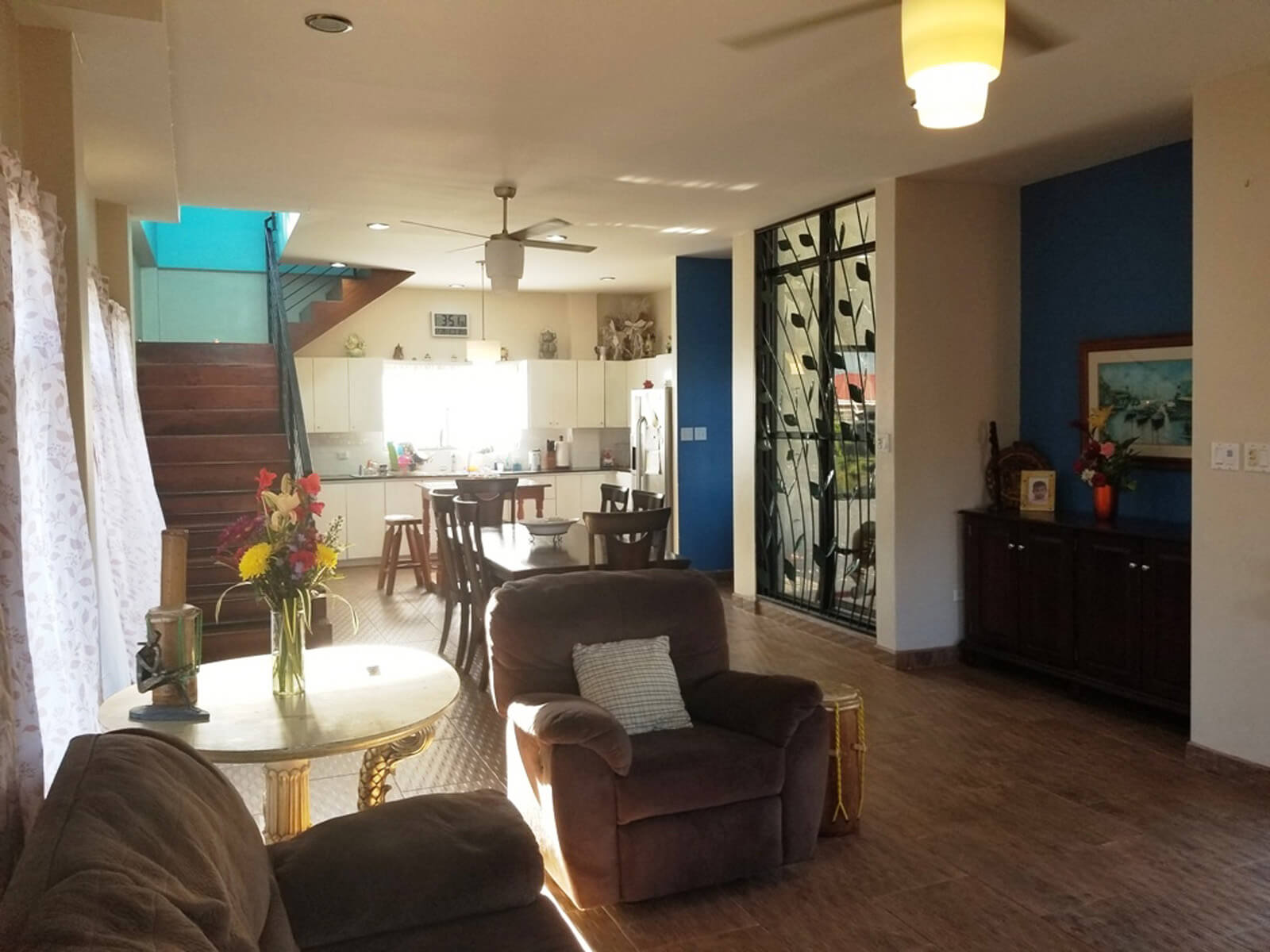 Buy Belize Management Ltd. proudly presents a large modern 3 bed 3 bath house for rent in the beautiful neighbourhood of West Landivar, Belize City. The house is located in a large fully fenced property that has a lot of selected plants and trees. There is also a driveway with a carport that can fit three to four vehicles.
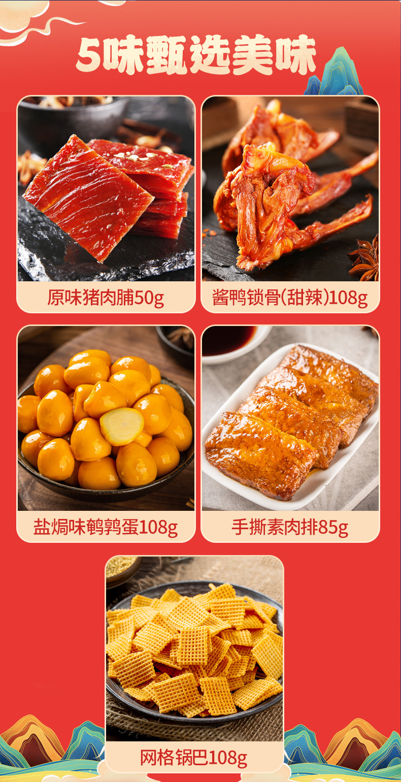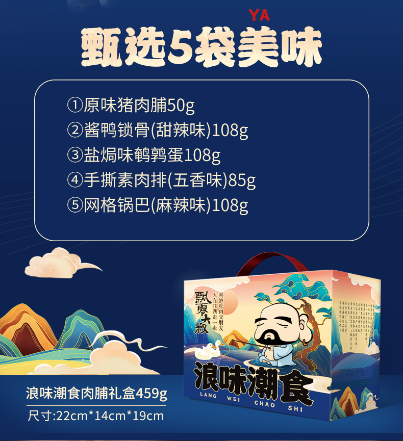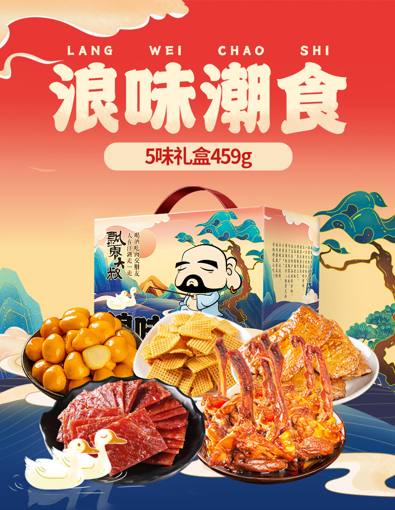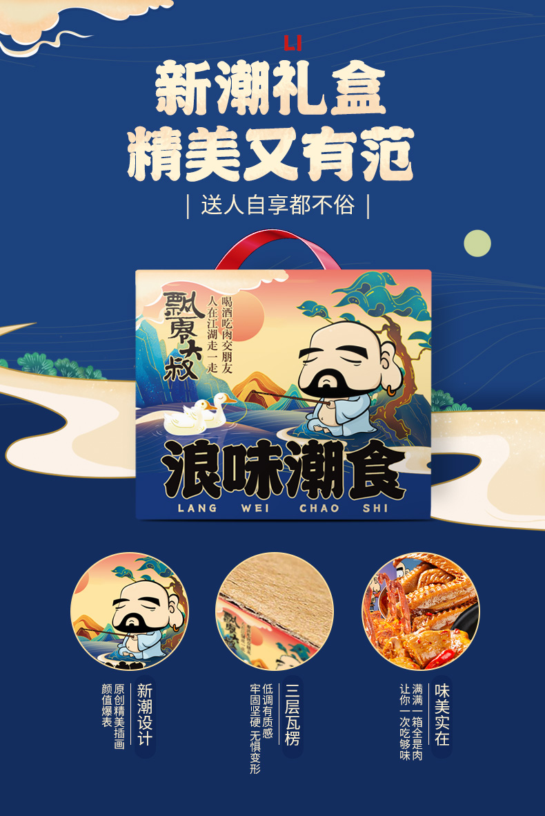 飘零大叔【年货礼盒】零食大礼包甜辣锁骨猪肉脯鹌鹑蛋卤味小吃特产 浪味潮食精品礼盒/1盒
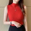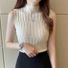 Nuevo suéter retro de cuello alto medio ajustado para mujer, top sin mangas que combina con todo
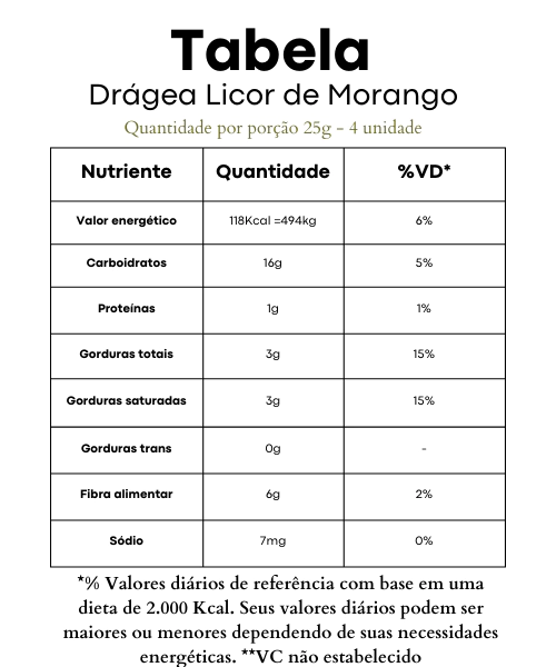 Drágea é simplesmente muito gostosa e essa delícia se dá muito bem com a vontade de comer oleaginosas ou frutas, licores, com uma fantástica cobertura de chocolate e cacau, e vai deixar aquele gostinho de quero mais, nossas drágeas com chocolate 70%, meio amargo, ao leite e zero açúcar, é de produtores do Paraná, produzidos de forma quase artesanalmente e com ingredientes selecionados e inspecionados mantendo um alto padrão de qualidade, um verdadeiro show visual e um sabor invejável e equilibrado, nesta versão com lícor de morango gourmet, vai fazer da primeira mordida até a última um ato inesquecível.
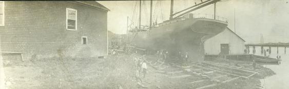 | New Glasgow / Schooner Photo of a ship. | ship slipway men building canoe sample | ||
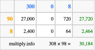 That's all there is to it! As you can see from the box above, the answer to 308 times 98 using the box method is 30,184.
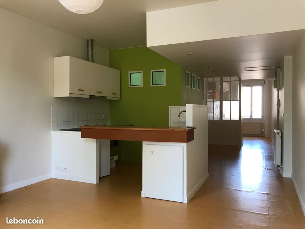 Appartement 4 Cours Fauriel 2ème Etage À louer appartement de 64 m2, libre de suite, au deuxième étage d'un petit immeuble ancien du début du Cours Fauriel, tout près du parc de la place Villebœuf. L'espace est dégagé, ensoleillé et ombragé par les platanes des contre-allées. À proximité se trouvent le Conservatoire, l'école maternelle et l'école publique. Proche des commerces des quartiers Saint-Roch et de Villebœuf, cet appartement est à deux pas du centre-ville et au croisement de plusieurs lignes de bus M2. M6. M7. Ligne 13 desservant entre autre la gare Sncf, l'ENISE, les Facultés, l'école des Mines. L'accès en voiture est facilité par les entrées d'autoroute du Rond-Point et de Montplaisir. L'appartement est traversant Est-Ouest avec une petite ouverture côté Sud. Il a été entièrement aménagé en espace ouvert et lumineux type loft avec un coin Jour (côté Cours Fauriel) et un coin Nuit (côté cour). En partie centrale l'entrée de l'appartement donne sur un vestiaire et permet l'accès aux sanitaires. La cuisine ouverte sur le séjour est équipée d'une plaque de cuisson gaz, d'un four et d'un petit réfrigérateur. Une pièce supplémentaire avec fenêtre sur cour dotée d'un réduit pour machine à laver et d'une petite mezzanine peut servir de bureau ou de dressing est en continuité de la chambre côté ouest. Le chauffage est assurée par une chaudière individuelle à condensation au gaz entièrement neuve. Les murs de façade sont isolés et les plafonds rabaissés. Les fenêtres sont en Pvc avec double vitrage (10 mm pour isolation phonique côté Cours Fauriel). L'ensemble est simple et original, agréable à vivre et avant tout fonctionnel. Il convient parfaitement à un couple ou une personne seule.
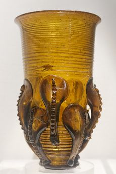 Anglo-Saxon glass was mostly made in simple forms, with vessels always in a single colour, either clear, green or brown, but some fancy claw beakers decorated with large "claw" forms have survived, mostly broken; these forms are also found in northern continental Europe. Beads, common in early female burials, and some ecclesiastical window glass was more brightly coloured, and several monastic sites have evidence of glass production. Vessel and bead production probably continued, at a much lower level, from the Romano-British industry, but Bede records that Benedict Biscop brought glass-makers from Gaul for window glass at his monasteries. It is not clear how much Anglo-Saxon glass was imported, but canes of millefiori coloured glass almost certainly were; one of these was in the purse at Sutton Hoo. Otherwise recycling of Roman glass may have avoided the need to import raw glass; evidence for the production of this is slender. Glass is sometimes used as a substitute for garnet in jewellery, as in some pieces from Sutton Hoo. Enamel was used, most famously in the Alfred Jewel, where the image sits under carved rock crystal, both materials are extremely rare in surviving Anglo-Saxon work.
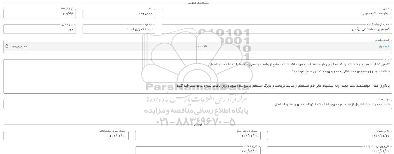 تاریخ بررسی پیشنهادات: 1404.06.10 - تاریخ انقضاء: 1404.06.11
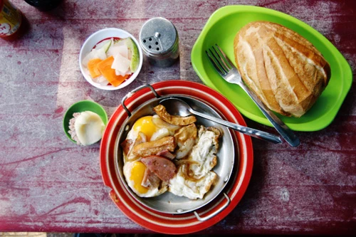 | Đặc trưng của quán là món bánh mì chảo. Bên trong chảo là đủ thứ nguyên liệu như trứng gà ốp la, thịt nguội, xúc xích, chả cá, chả lụa... Tất cả đều được chiên nóng cháy cạnh cùng ít hành tây và dùng nóng với bánh mì. Nếu không thích dùng ốp la, bạn có thể gọi một phần thịt nguội thập cẩm riêng, rắc lên ít tiêu, nước tương, tương ớt. Giá trung bình một phần bánh mì ăn kèm trứng trên chảo là40.000 - 45.000 đồng. Ảnh:Phong Vinh. Theo Thanh Tuyết (Vnexpress) |
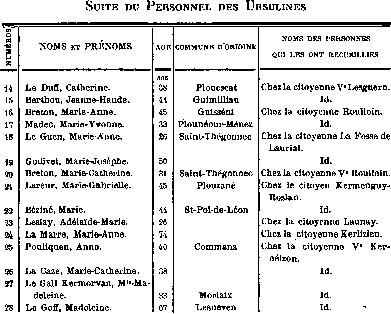 Cette liste, telle qu'elle est donnée par la municipalité de Saint-Pol, est loin d'être exacte. Quand nous avons fait notre travail sur Plougoulm, nous avons eu entre les mains la liste de toutes les religieuses Ursulines, au moment de leur expulsion. Cette liste avait été faite alors et était restée dans les archives de la communauté. Elles étaient au nombre de 37 religieuses de chœur, de 12 sœurs converses, de 2 novices de chœur et d'une postulante converse.
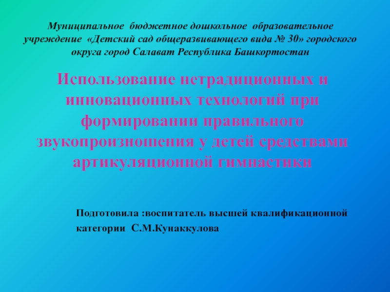 Слайд 1Использование нетрадиционных и инновационных технологий при формировании правильного звукопроизношения у детей
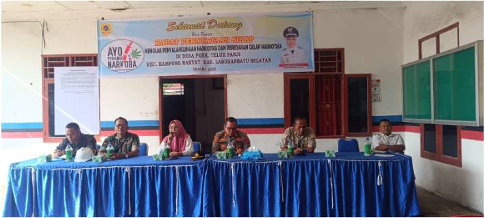 LABUSEL, TOPKOTA.co – Polsek Kampung Rakyat Polres Labuhanbatu Selatan terus menunjukkan komitmennya dalam upaya pemberantasan penyalahgunaan dan peredaran gelap narkotika, Kapolsek Kampung Rakyat AKP Muhammad Ilham Lubis, S.H menghadiri kegiatan rapat pernyataan sikap penolakan narkoba bersama unsur pemerintah desa dan masyarakat di Desa Perkebunan Teluk Panji, Kecamatan Kampung Rakyat, Kabupaten Labuhanbatu Selatan, Rabu (4/2/2026).
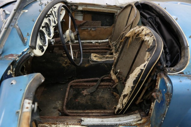 | Description | The project 1960 MG A Roadster shown here is available in light blue with black interior. It comes equipped with a manual transmission, wire wheels, soft top and with the side curtains. An excellent candidate with tremendous potential for full restoration. However, it is missing an engine. It has been with the same owner since 1966. For $5,950 USD If you have any additional questions Please call 310-975-0272 Check out our YouTube Channel: http://www.youtube.com/user/BevHillsCarClubInc | |||||||||||||
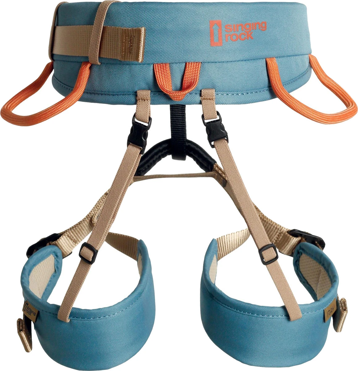 3 ocelové Singing Rock double spony na pase a nohavičkách umožní ideální nastavení úvazku pro jakoukoliv lezeckou aktivitu
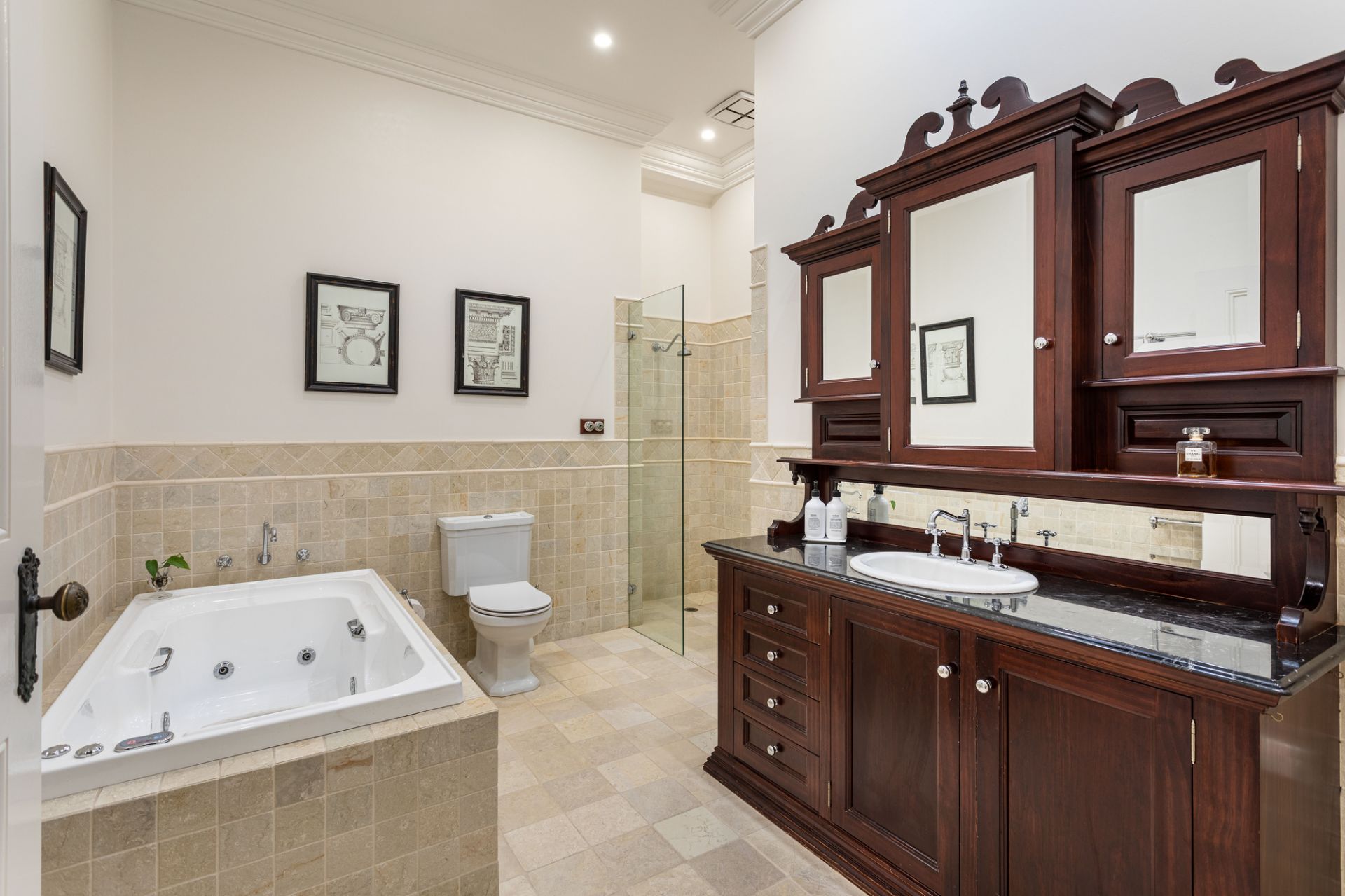 Set on a generous 812sqm (approx.) allotment with no heritage overlay, with frontage 20.12m, the property has been meticulously maintained inside and out. The ground floor includes a welcoming entrance hall leading to a study or fifth bedroom, a main bedroom with walk-in robe and ensuite, formal living and dining rooms, an additional bedroom, family bathroom, and a laundry.
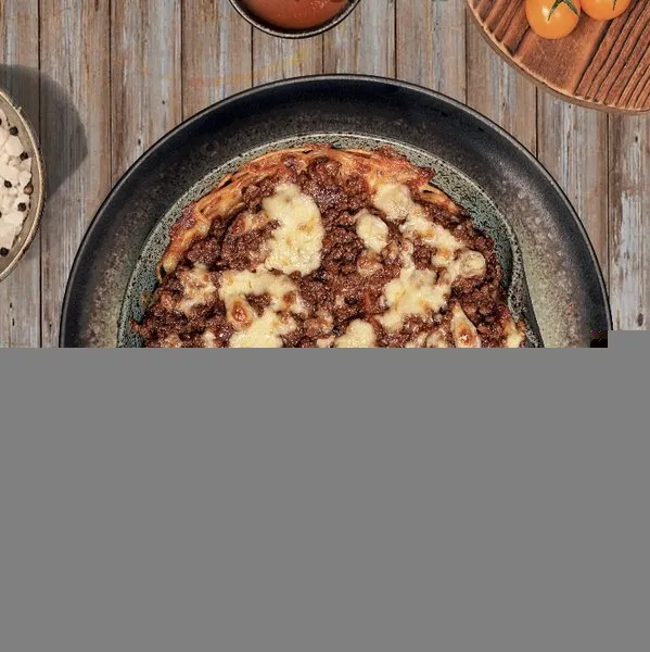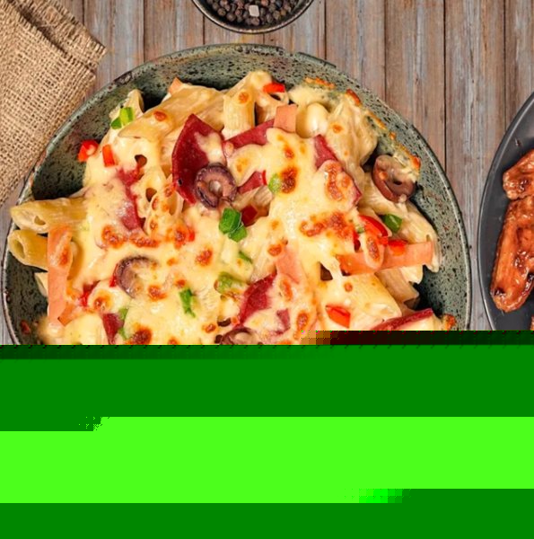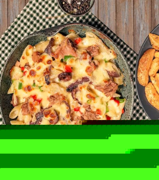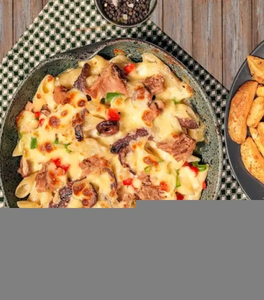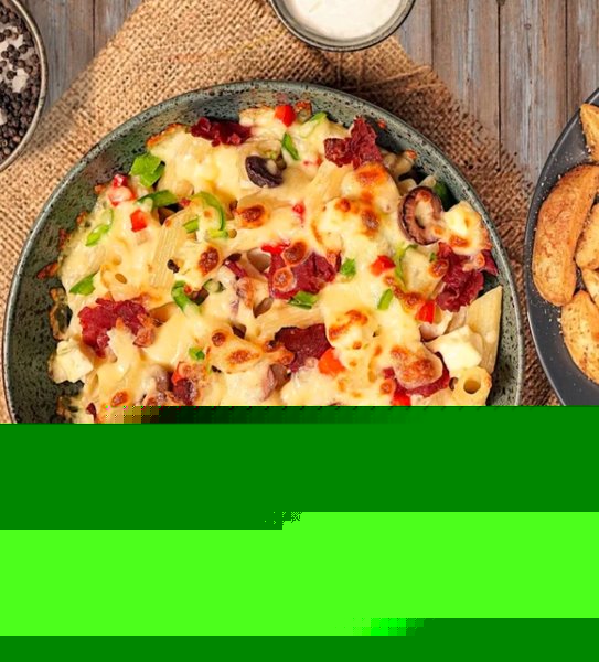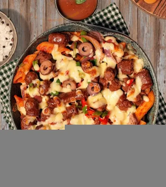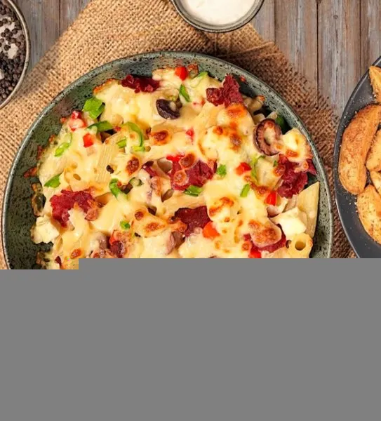 Pastrami, kiri cheese, mozzarella, colored pepper, olives
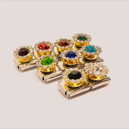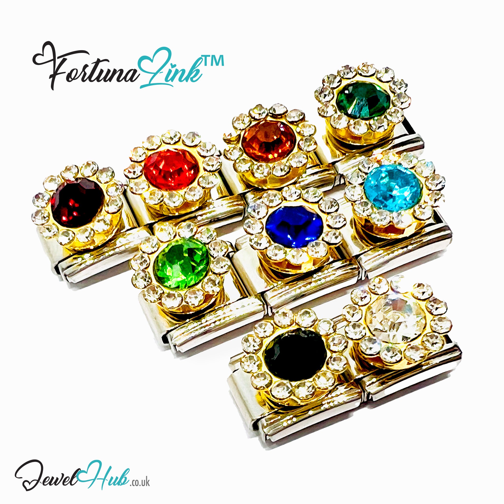 Each FortunaLink™ gemstone charm features a central coloured crystal surrounded by a halo of clear rhinestones, set in a gold-tone bezel atop polished stainless steel. Measuring 10mm (width) × 9mm (height), these modular links are compatible with standard Italian charm bracelets and designed to add sparkle, symbolism, and emotional resonance to your daily stack. Choose from nine radiant colours—Dark Red, Red, Orange, Dark Green, Light Green, Dark Blue, Cyan, Black, and White—each selected for its energetic qualities and visual impact. Whether worn solo or layered with message tiles and symbol charms, these crystal accents bring light and intention to your bracelet.

_ _ _ _ _ _ _

• [YOUR TASK]
Leave out every picture, and repeat word for word only the lines from the one holding "Set on a generous" through the end of the entries above, both ends included.

• [EXPECTED OUTPUT]
 Set on a generous 812sqm (approx.) allotment with no heritage overlay, with frontage 20.12m, the property has been meticulously maintained inside and out. The ground floor includes a welcoming entrance hall leading to a study or fifth bedroom, a main bedroom with walk-in robe and ensuite, formal living and dining rooms, an additional bedroom, family bathroom, and a laundry.
 Pastrami, kiri cheese, mozzarella, colored pepper, olives
 Each FortunaLink™ gemstone charm features a central coloured crystal surrounded by a halo of clear rhinestones, set in a gold-tone bezel atop polished stainless steel. Measuring 10mm (width) × 9mm (height), these modular links are compatible with standard Italian charm bracelets and designed to add sparkle, symbolism, and emotional resonance to your daily stack. Choose from nine radiant colours—Dark Red, Red, Orange, Dark Green, Light Green, Dark Blue, Cyan, Black, and White—each selected for its energetic qualities and visual impact. Whether worn solo or layered with message tiles and symbol charms, these crystal accents bring light and intention to your bracelet.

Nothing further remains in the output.